Доктор филологических наук
Джордж Оруэлл, необыкновенно остро чувствовавший все, что ограничивает свободу мысли, в радиообращении «Литература и тоталитаризм» (1941) сделал чрезвычайно важное замечание:
Totalitarianism has abolished freedom of thought to an extent unheard of in any previous age. And it is important to realize that its control of thought is not only negative, but positive. It not only forbids you to express — even to think — certain thoughts, but it dictates what you shall think, it creates an ideology for you, it tries to govern your emotional life as well as setting up a code of conduct.
Тем самым Оруэлл ввел понятие позитивной цензуры, то есть цензуры, не запрещающей нечто, а предписывающей автору, о чем ему следует писать1. Мы, однако, привыкли называть цензурой обычный запрет, и поэтому до сих пор связываем свободу слова только с запретами и недооцениваем ту роль, которую сыграла позитивная цензура в разрушении коммуникативной культуры, недооцениваем тот вызов, который она бросает разуму и свободе.
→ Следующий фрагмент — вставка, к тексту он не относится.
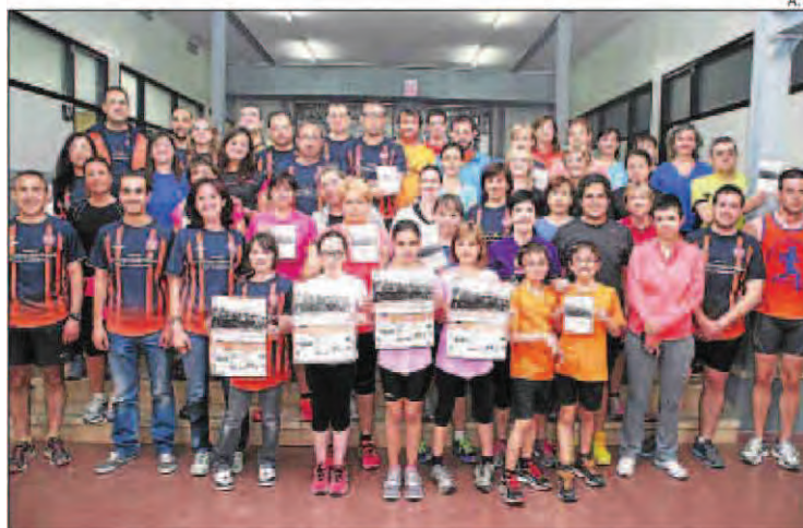
Els membres del Club d'Atletisme 100 x 100 Fondistes.

Les proves se celebraran diumenge al matí amb itineraris per l'Urgell i la Segarra
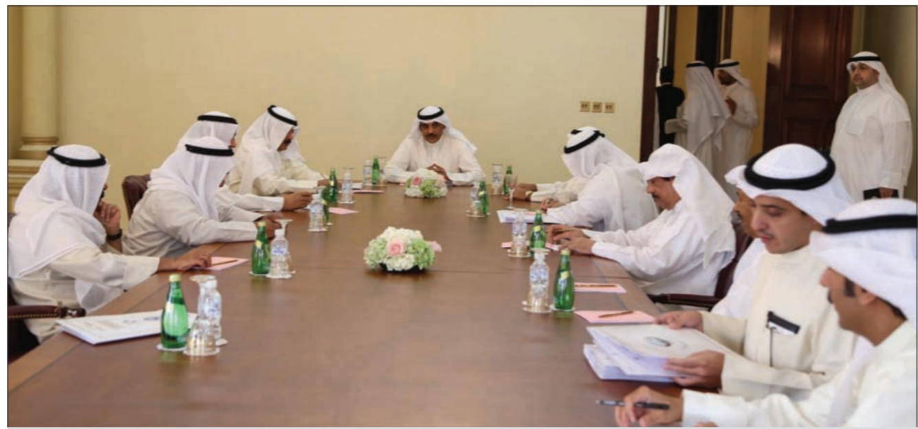
الشيخ صباح الخالد مترئسا احد الاجتماعات التحضيرية لمؤتمر القمة

وتسخر الكويت جميع جهودها لاستقبال هذا الحدث المهم الذي يعد احدى ثمرات الرؤية الاقتصادية والتنموية لصاحب السمو الأمير الشيخ صباح الاحمد ما سيدفع بعجلة التعاون الاقتصادي المعنية التي تقوم على تذليل كل العقبات وتبسيط الاجراءات لتنفيذ المهام على أكمل وجه ما يعكس الوجه الحضاري للكويت ويعمل على إنجاح الأنشطة المصاحبة لهذا المؤتمر الذي يعقد بالكويت للمرة الأولى.
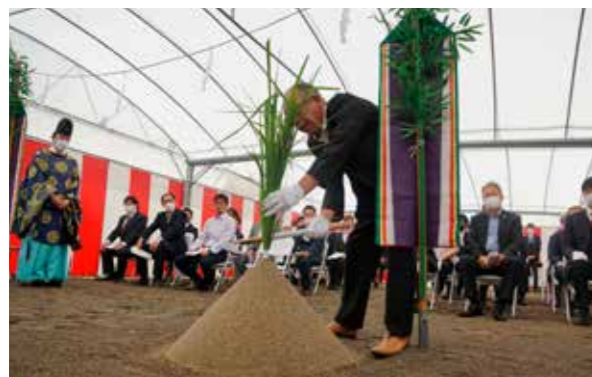
株式会社一心商事本社工場新築工事起工式
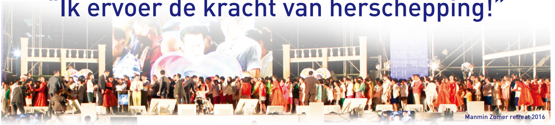
Manmin Zomer retreat 2016

Tijdens de Manmin Zomer Retreat die elk jaar gehouden worden in het begin van augustus, worden vele mensen genezen van vele soorten van ziekten, inclusief AIDS, depressie, hartaanval, hersenbloeding, dementie, en blindheid. Laat ons nu eens horen naar degenen die getuigden van hun genezing.
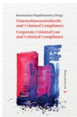
Unternehmensstrafrecht und Criminal Compliance Corporate Criminal Law and Criminal Compliance Ladenpreis: 198,00EUR
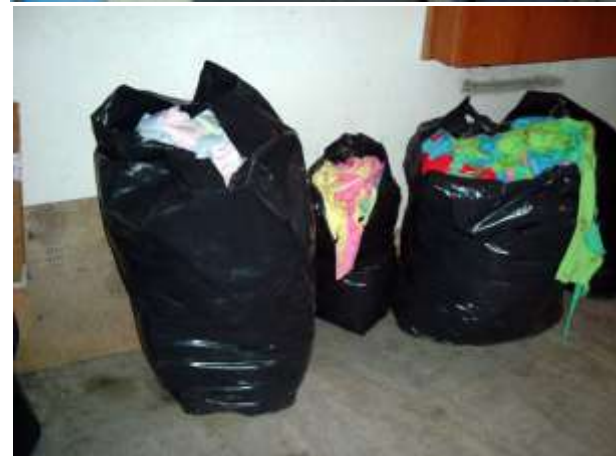
The basic material in the trash
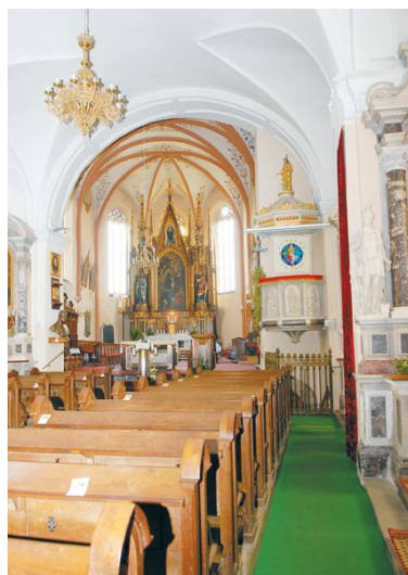
Figure 14 Notranjost cerkve
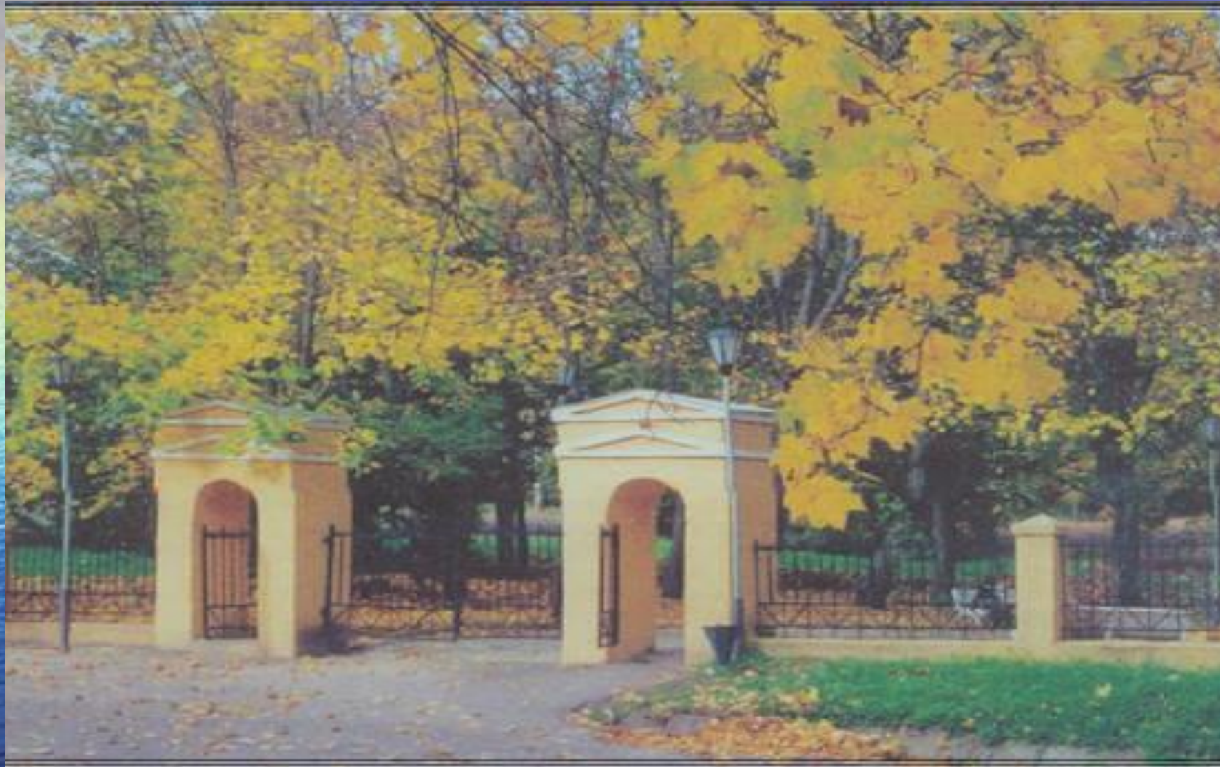
Въезд в усадьбу.
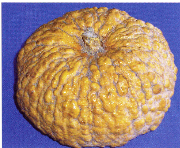
Fruto de Cucurbita sp.

É importante registrar a ampla variabilidade genética existente no gênero Cucurbita , com a predominância do cultivo tradicional. A produção é voltada para consumo da própria família, com excedente comercializado nas feiras e mercados locais. Predomina também o uso de adubos orgânicos, além do cultivo em sistemas agroecológicos, sendo também raro (20%) o uso de produtos químicos no controle de
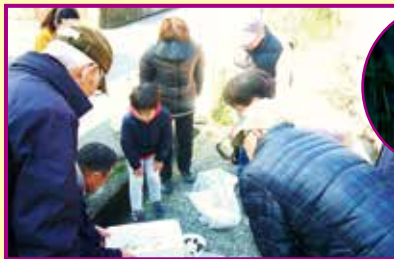
白瀬川のホタルを育てる
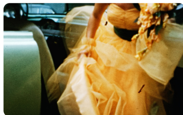
Journal d'Amérique

Projection du 23 octobre à l'Institut audiovisuel de Monaco
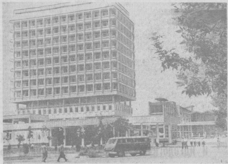
Перед вами новое административное здание государственного университета имени В. И. Ленина в вузгородке.

Сейчас в районе проходят встречи избирателей с теми, кого единодушно назвали кандидатами в депутаты коллективы предприятий и учреждений, институтов и строки... Идет широкая агитация среди населения за кандидатов блока коммунистов и беспартийных.

При этом мы недооцениваем — и это самое важное — пролонгированный характер позитивной цензуры.
Запреты существовали всегда — запреты на книги и слова. Например, в царской России одно время пытались запретить слово «прогресс»2. Из-за войны в Украине табуированным оказалось само слово «война», в связи с чем был предложен эвфемизм «специальная военная операция», впоследствии замененный звучащей еще нейтральней аббревиатурой — СВО. Табу и эвфемизмы — вечные спутники языка, и ничего нового они собой не представляют. В России эвфемизмы использовали и «благонамеренные» авторы и сатирики, которые с их помощью дезавуировали саму цензуру (случай с «эзоповым языком» Щедрина).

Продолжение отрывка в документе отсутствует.